Seminar Title: Mini-batch Estimation for Deep Cox Models
Abstract:
Powered by modern deep learning techniques, deep Cox neural networks (Cox-NNs) have become widely used in survival analysis, particularly for applications using high-dimensional features such as dynamically predicting time-to-disease onset from time-varying medical images. In practice, Cox-NNs are typically trained using mini-batch stochastic gradient descent (SGD) algorithm, where model parameters are updated iteratively based on incomplete risk set information from small batches of data. However, the Cox partial likelihood relies on the full risk set. This makes the theoretical justification for mini-batch SGD far from obvious and largely unresolved.

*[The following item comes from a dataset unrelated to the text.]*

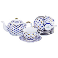 КОБАЛЬТОВАЯ СЕТКА, набор чайный (13) 6 чашек 250мл + 6 блюдец + чайник, NEW BONE CHINA, декор ситец, подарочная упаковка

In this talk, I will show that mini-batch SGD training for Cox-NNs implicitly optimizes a new objective function that differs from the traditional partial likelihood. This leads to a new estimator for Cox models, namely, the mini-batch maximum partial likelihood estimator (mb-MPLE). I will present the statistical properties of mb-MPLE, reveal their dependence on the batch size, and provide practical guidance for hyper-parameter tuning in mini-batch training for Cox models. Finally, I will illustrate how insights from analyzing mb-MPLE naturally motivates a broader and more flexible rank-based statistical framework for prediction tasks.